Опять уходит. Ждем. Проходит двадцать минут, полчаса... Томительное ожидание разрастается в беспокойство. Поминутно лазают за часами,

– Нет его!..

Прислушиваются к малейшему скрипу, но звука шагов нет. Одна и та же страшная мысль проползает в мозгу: "Убит".

– Его убили... – слышу я шелест над своим ухом.– Не говорите только вслух...

– Не говорите только вслух, – шепчут все друг другу.

И каждый ревниво следит в кровавой полумгле, чтобы не прочитали в его глазах страшной мысли. Больше всего боятся ужаса, паники, когда роковое слово будет произнесено.

Вот шаги. Все с секунду напряженно вслушиваются. Может быть, солдаты? Он.

Бросаются.

– Что?..

– Сказал?..

– Будут?...

Он ровно говорит таким же спокойным глухим голосом:

– Вывели со двора. Все время штыки на меня. По переулку все освещено пожаром, ни души... "Куда же вы ведете?" – "Иди"... Мне стало казаться – приколют где–нибудь у забора. Одним больше, одним меньше... Сколько таких трупов валяются по Москве. Вывели на улицу. Светло как днем. Стоит офицер. Лица я у него не видал – нету лица, одни усы, холеные, громадные, смотрят к бровям. Излагаю ему: "дети, женщины, больные..." Он стоит ко мне спиной. Потом небрежно цедит сквозь зубы: "Если завесят окна, если никто не будет подходить к ним, никто не выйдет из дому и если... со стороны дома и двора не раздастся ни одного выстрела, мы... не будем расстреливать...”

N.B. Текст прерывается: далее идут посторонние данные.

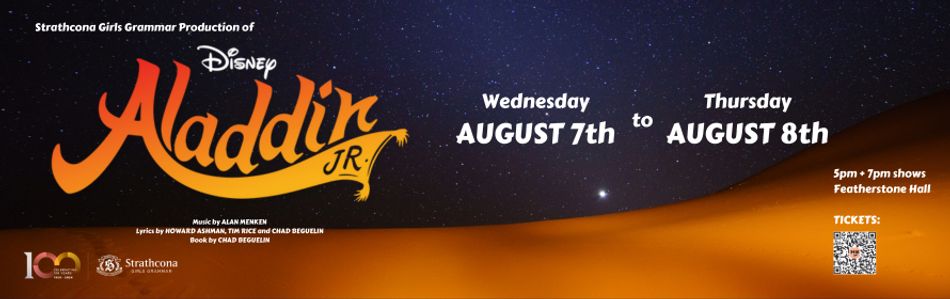 Strathcona's Middle School musical 'Disney's Aladdin Jr' - Join us on a journey through the bustling streets of Agrabah, where the beloved tale of a kind-hearted street rat, a spirited princess, and a magical genie unfolds. Experience the magic as our talented cast transports you to a world of wonder.
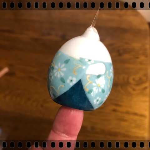 JUGEMテーマ:ポーセリン お生徒さんと一緒に豆雛を描き始めました 当然、私は一足早くお見本を作らねばなりませぬ(;^_^A 兎に角、持つところの制約が多く、やっとここまで漕ぎつけました(笑) ピンポン玉より未だ小さいくらい ほら〜人差し指がやっと入る位なんです はて・・・この先一旦焼成するか?一日位乾燥させてから次の工程に移るとするか? 今度はお目目、お口、髪の毛、冠他 如何持って描こうか? 効率よく進めるには如何いう工程が良いのか? 老人の頭の体操には良いかもねぇ( *´艸`)

В доме снова покойник. Все расходятся по местам. У всех окостеневшие от напряжения лица. Отблеск пожара играет, шевелясь и трепетно озаряя, но в широко и напряженно открытых глазах стоит глухая тьма. Шорох и ропот пожара, по–прежнему придавленно, суетливо и тревожно шепчутся, но в ушах этих страшно прислушивающихся людей – могильная тишина: одного ждут, одно жадно ловят – глухой и слабый звук рокового выстрела, который с секунды на секунду раздастся там, за стеной.

Я с тоской гляжу на ребят и ищу глазами место, куда бы их положить, если начнут стрелять в окна. Но тут нет безопасного уголка: мостовая в уровень с окнами, и пули усеют все пространство. Теперь выгоднее было бы подняться в верхний этаж, но показаться в дверях – быть расстрелянным. Мне опять хочется расхохотаться. Я не гляжу на часы, прислоняюсь и засыпаю крепким, без сновидений, черным сном.

– Сидит, сидит за углом, где забор сходится с нашим домом... там удобно ему, не видно...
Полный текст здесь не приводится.